:: REQUIREMENT ::
Word for word, please restate each record and pass over the pictures.

:: THE DATA ::
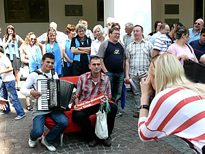 Mit der Fotoaktion vor dem Soester Rathaus wurde dem Protest ein Gesicht gegeben: Roma-Flüchtlinge und solidarische Deutsche wurden zusammen auf einem Sofa sitzend fotografiert. Diese Aktion soll deutlich machen, dass man die geplanten Abschiebungen ablehnt und aus humanitären Gründen für ein Bleiberecht dieser hier lange lebenden Menschen plädiert.
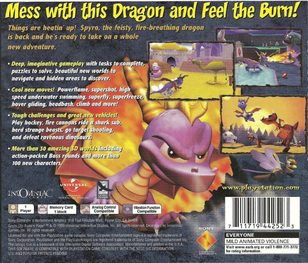 Spyro is back. After successfully rescuing all of the elder Dragons, Spyro is taking a vacation to Dragon Shores--at least that's where thinks he's going. As Spyro, you'll set off on a journey spanning 30 huge worlds full of puzzles, hidden areas, awesome power-ups, and helpless inhabitants just waiting to be rescued. Now Spyro can swim, climb, glide-hover, ground stomp, superfly, supercharge, and superflame. This is a vacation Spyro will not soon forget.
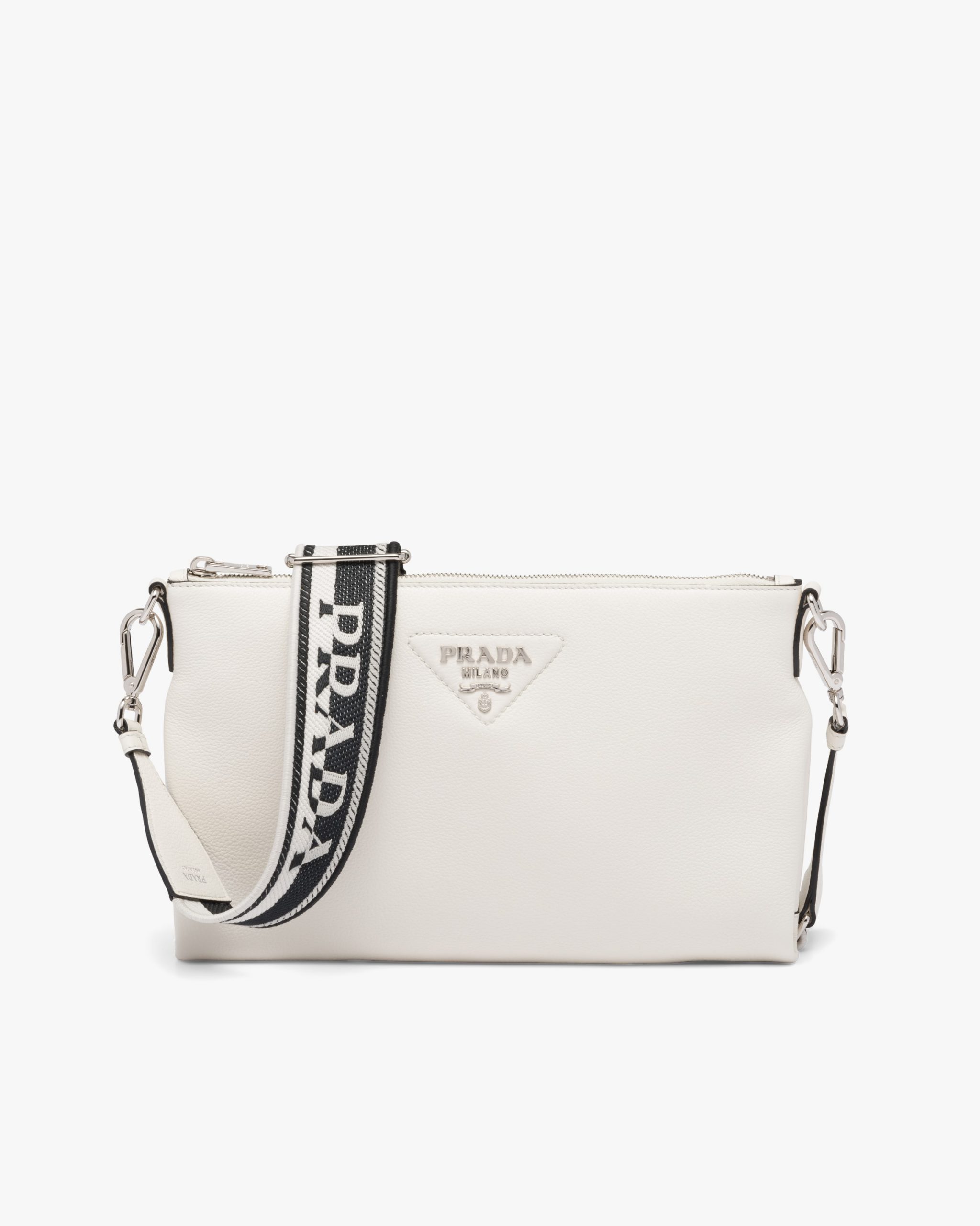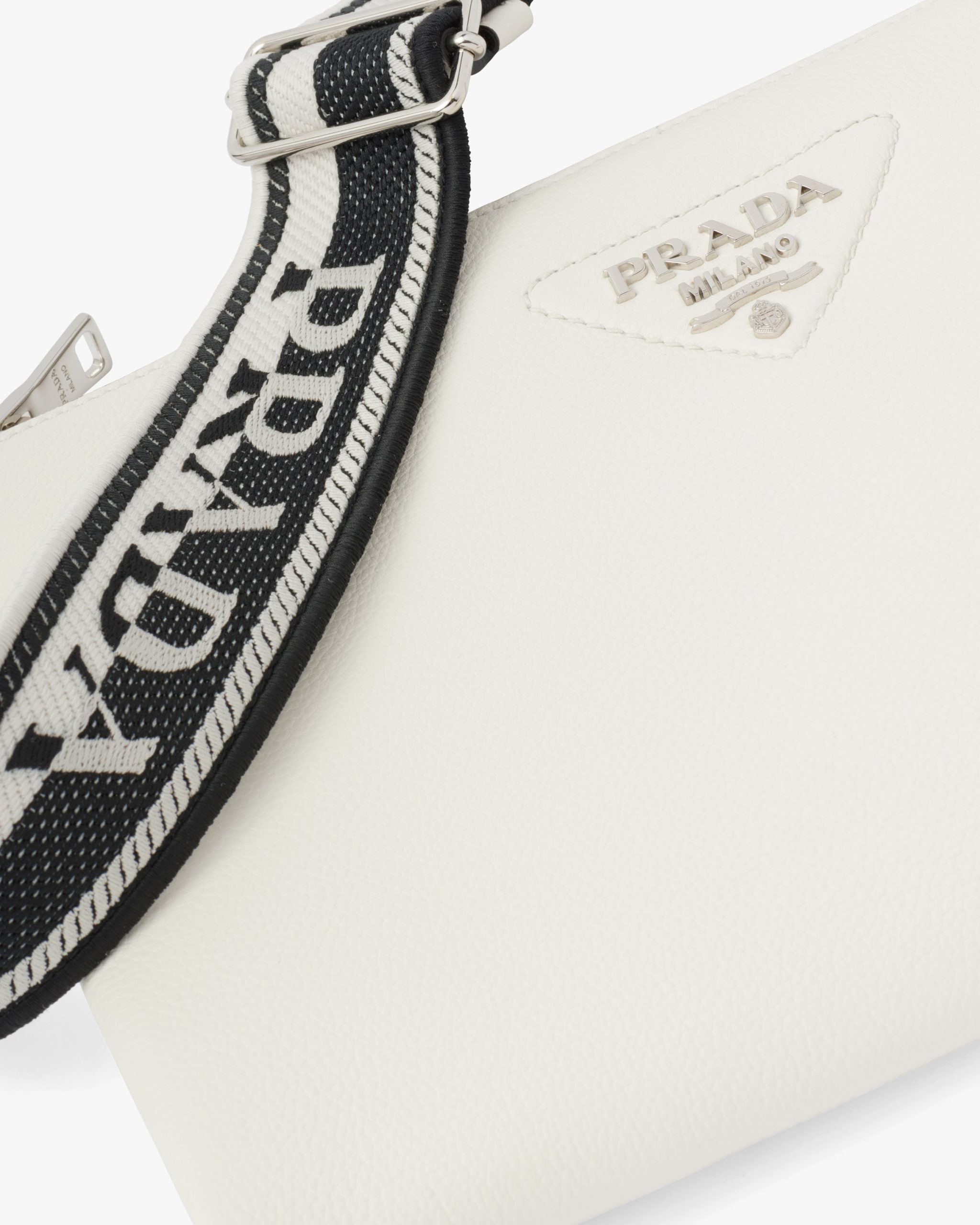 A geometric minimalist shape characterizes this Prada Flou small leather bag illuminated with the metal lettering logo on the front. The accessory is completed by the detachable woven tape shoulder strap embroidered with the logo in a contrasting color, that makes it wearable as a crossbody or shoulder bag.
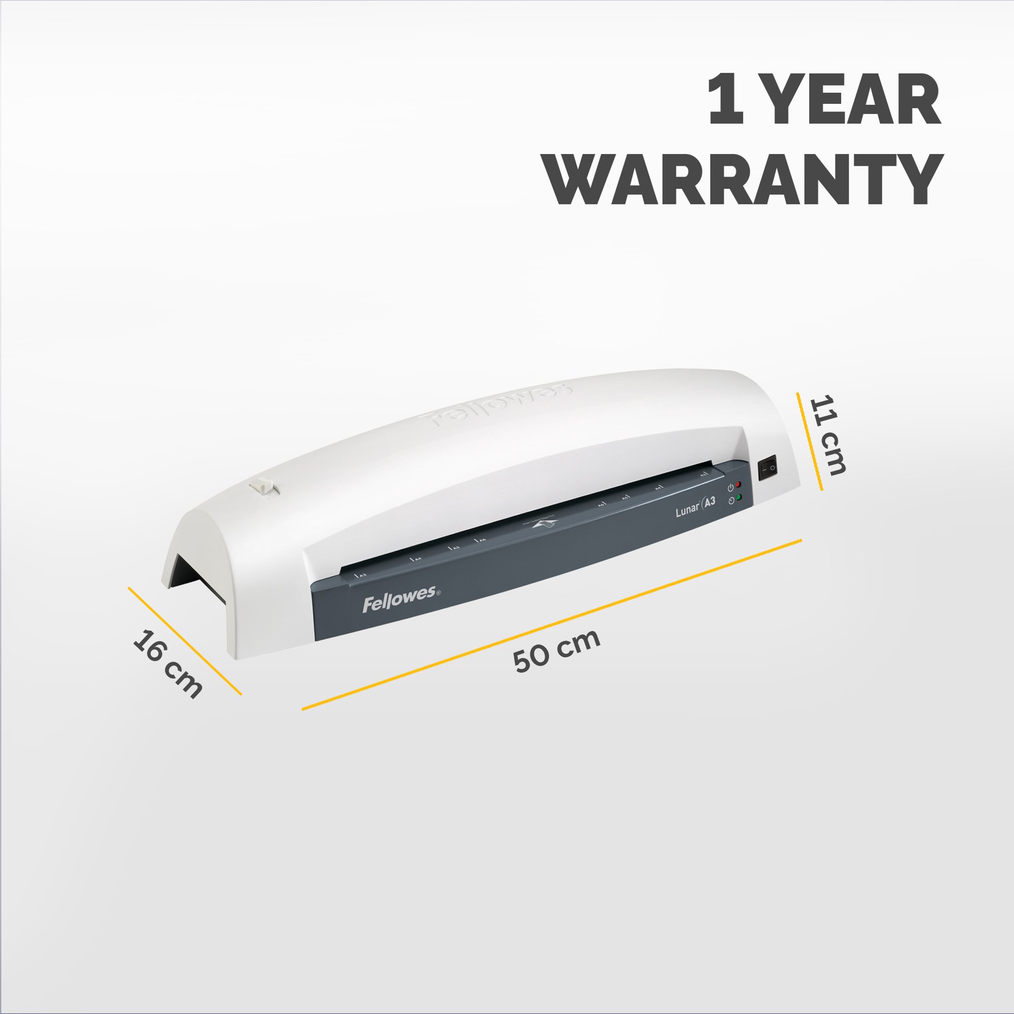 Get creative with the Fellowes Lunar A3 home laminator. This easy to use A3 laminator is perfect for all your personal or family hobby and craft projects, but when it comes to laminating the possibilities are truly endless! Discover how laminating can make the colours come alive on photos or preserve your children€™s precious artwork for years to come. The Lunar A3 has been designed for occasional home use and offers 100% Jam Free performance when used with Fellowes branded pouches for that perfect finish in your own home. The release trigger makes it easy to retrieve and realign mis-fed pouches and the double pouch setting (80 & 125 microns) as well as visual (LED light) indicators ensure easy to understand, simple laminating. Suitable for use with Fellowes Enhance 80 & Capture 125 micron pouches. Comes with a 1 year warranty.
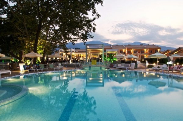 Описание Разположение: хотелът се намира в района Плака на Олимпийската Ривиера, на 2 км от Литохоро и на 32 км от Паралия Катерини. В хотела: хотелът се състои от няколко ниски сгради с общо 31 помещения - двойни стаи стандарт, апартаменти Джуниор Суит и вили. Хотелът предлага на своите гости основен ресторант, ресторант гурме, основен бар, бар на басейна, бар на плажа, безжичен интернет. Стаи: стаите са оборудвани с климатик, телефон, сателитна телевизия, безплатен интернет, мини бар, балкон, сейф, баня, с душ (в някои има и джакузи). Вип вилите разполагат с частен басейн, джакузи и камина. Спорт и развлечения: детска площадка, един открит басейн, два закрити отопляеми басейна, Спа център - масажи, сауна, турска баня, хамам. Плаж: плажът е пясъчно-чакълест, на 50 м от хотела. Шезлонгите и чадърите на плажа са безплатни.
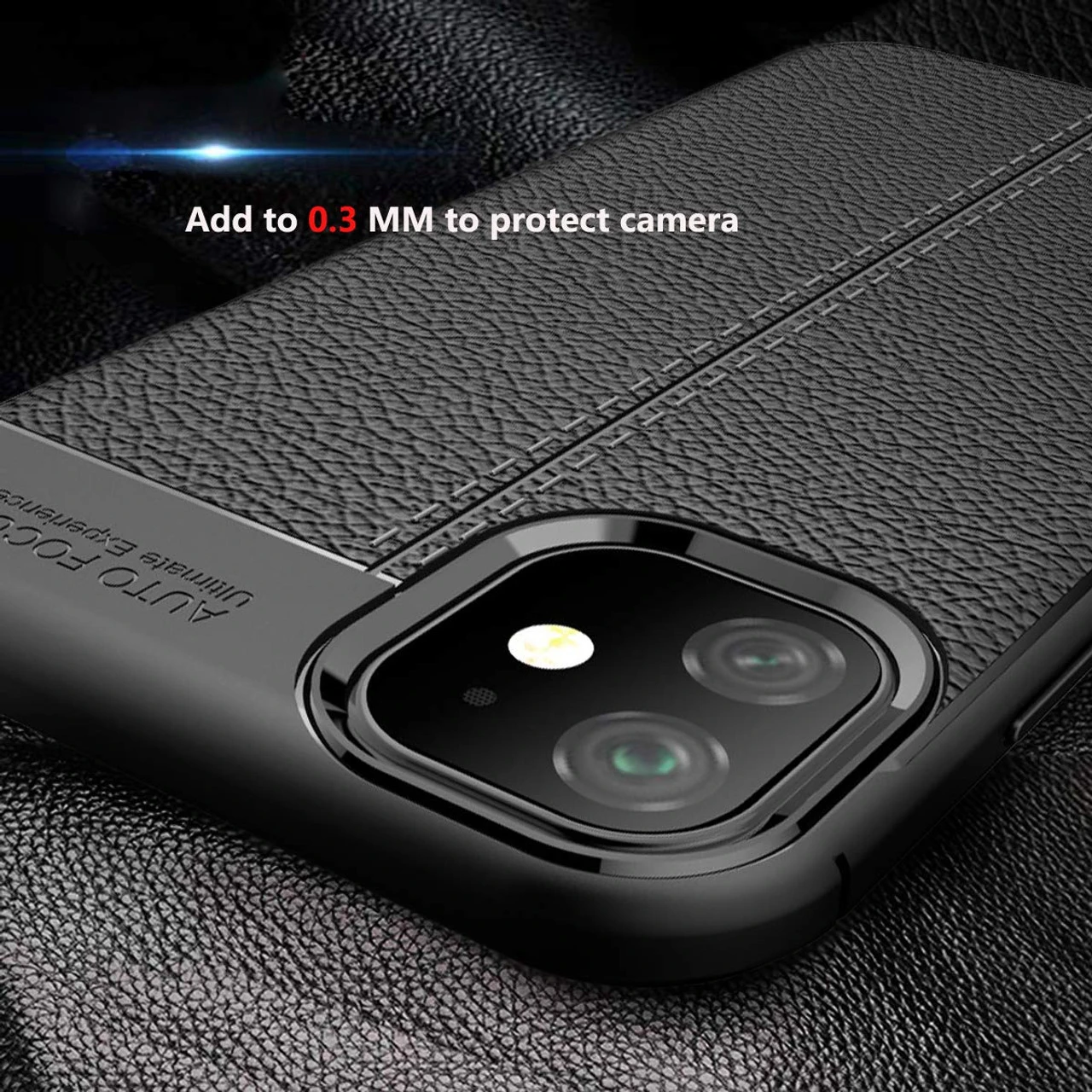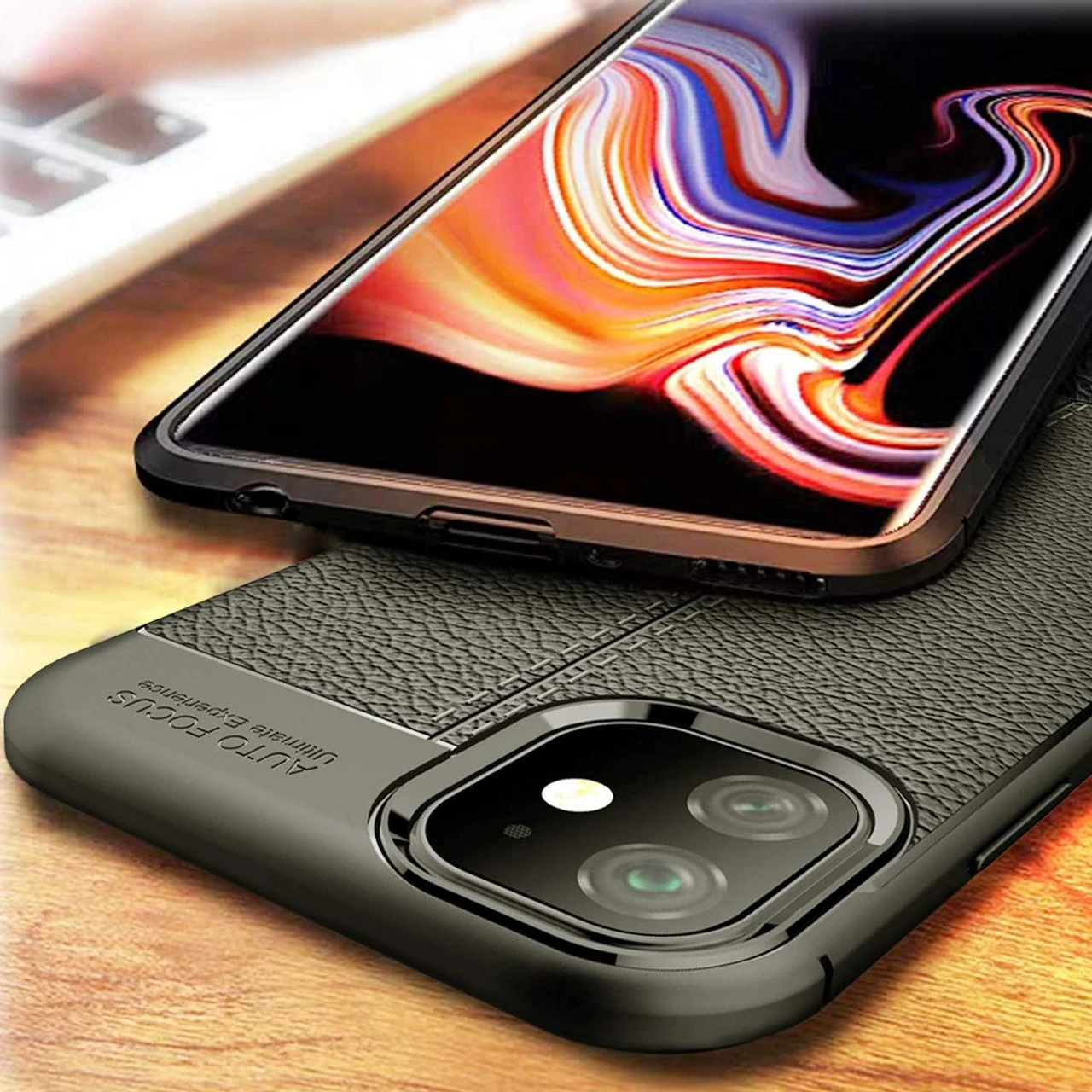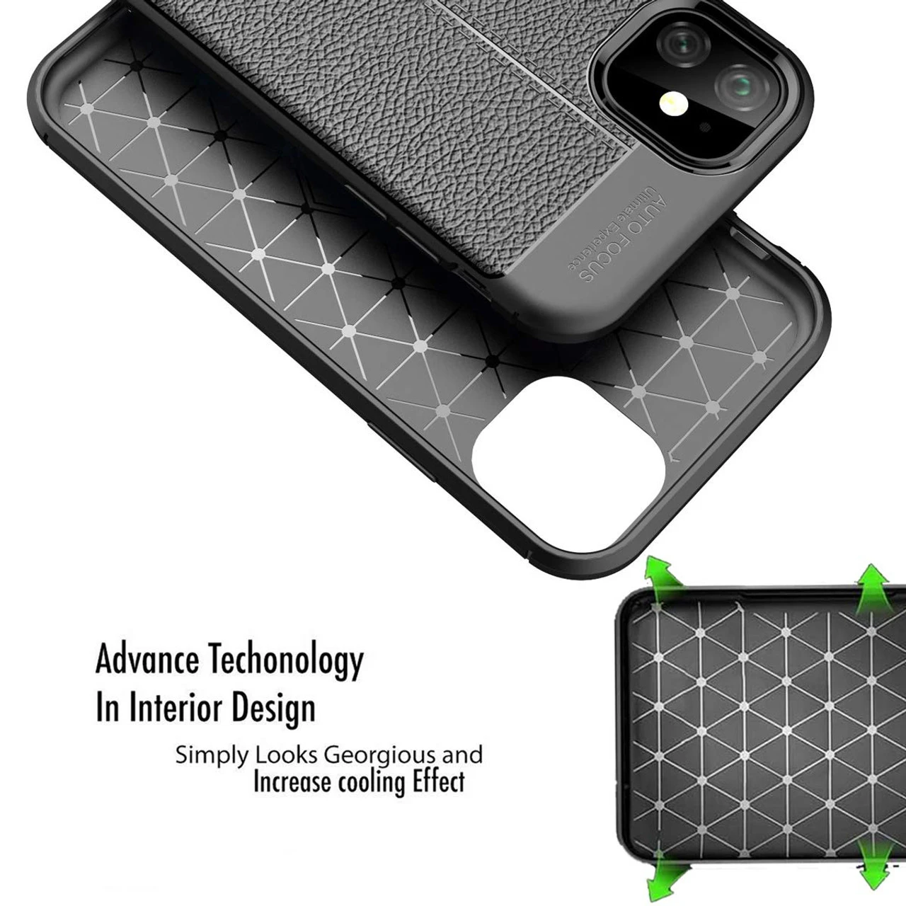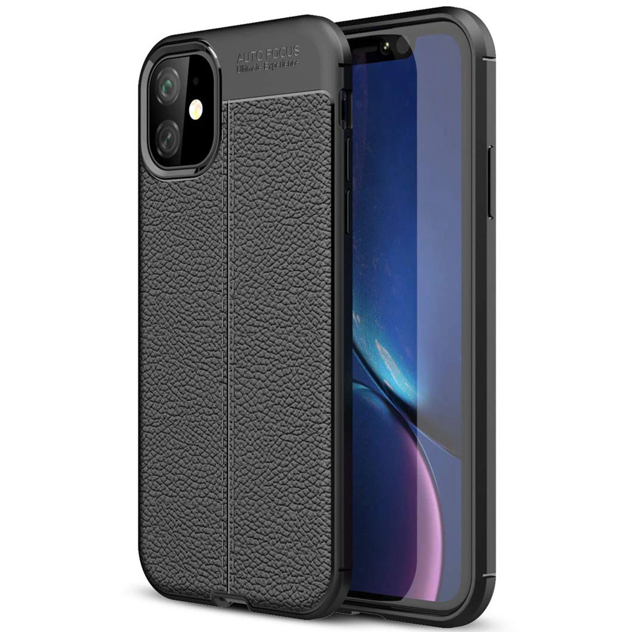 Black iPhone 11 Ultra Slim Shock Absorption Leather Texture Case
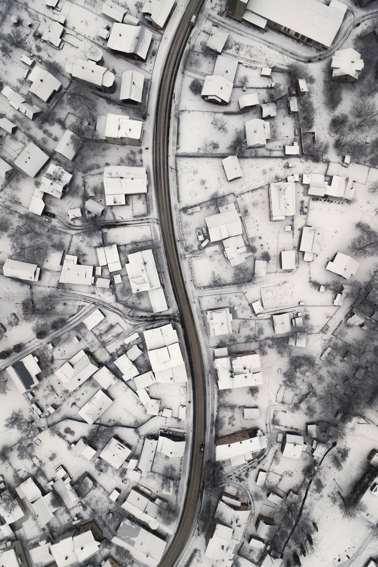 Bird-eye snowy wintrer view of a small Carpathian city.

:: RESULT OF THE TASK ::
 Mit der Fotoaktion vor dem Soester Rathaus wurde dem Protest ein Gesicht gegeben: Roma-Flüchtlinge und solidarische Deutsche wurden zusammen auf einem Sofa sitzend fotografiert. Diese Aktion soll deutlich machen, dass man die geplanten Abschiebungen ablehnt und aus humanitären Gründen für ein Bleiberecht dieser hier lange lebenden Menschen plädiert.
 Spyro is back. After successfully rescuing all of the elder Dragons, Spyro is taking a vacation to Dragon Shores--at least that's where thinks he's going. As Spyro, you'll set off on a journey spanning 30 huge worlds full of puzzles, hidden areas, awesome power-ups, and helpless inhabitants just waiting to be rescued. Now Spyro can swim, climb, glide-hover, ground stomp, superfly, supercharge, and superflame. This is a vacation Spyro will not soon forget.
 A geometric minimalist shape characterizes this Prada Flou small leather bag illuminated with the metal lettering logo on the front. The accessory is completed by the detachable woven tape shoulder strap embroidered with the logo in a contrasting color, that makes it wearable as a crossbody or shoulder bag.
 Get creative with the Fellowes Lunar A3 home laminator. This easy to use A3 laminator is perfect for all your personal or family hobby and craft projects, but when it comes to laminating the possibilities are truly endless! Discover how laminating can make the colours come alive on photos or preserve your children€™s precious artwork for years to come. The Lunar A3 has been designed for occasional home use and offers 100% Jam Free performance when used with Fellowes branded pouches for that perfect finish in your own home. The release trigger makes it easy to retrieve and realign mis-fed pouches and the double pouch setting (80 & 125 microns) as well as visual (LED light) indicators ensure easy to understand, simple laminating. Suitable for use with Fellowes Enhance 80 & Capture 125 micron pouches. Comes with a 1 year warranty.
 Описание Разположение: хотелът се намира в района Плака на Олимпийската Ривиера, на 2 км от Литохоро и на 32 км от Паралия Катерини. В хотела: хотелът се състои от няколко ниски сгради с общо 31 помещения - двойни стаи стандарт, апартаменти Джуниор Суит и вили. Хотелът предлага на своите гости основен ресторант, ресторант гурме, основен бар, бар на басейна, бар на плажа, безжичен интернет. Стаи: стаите са оборудвани с климатик, телефон, сателитна телевизия, безплатен интернет, мини бар, балкон, сейф, баня, с душ (в някои има и джакузи). Вип вилите разполагат с частен басейн, джакузи и камина. Спорт и развлечения: детска площадка, един открит басейн, два закрити отопляеми басейна, Спа център - масажи, сауна, турска баня, хамам. Плаж: плажът е пясъчно-чакълест, на 50 м от хотела. Шезлонгите и чадърите на плажа са безплатни.
 Black iPhone 11 Ultra Slim Shock Absorption Leather Texture Case
 Bird-eye snowy wintrer view of a small Carpathian city.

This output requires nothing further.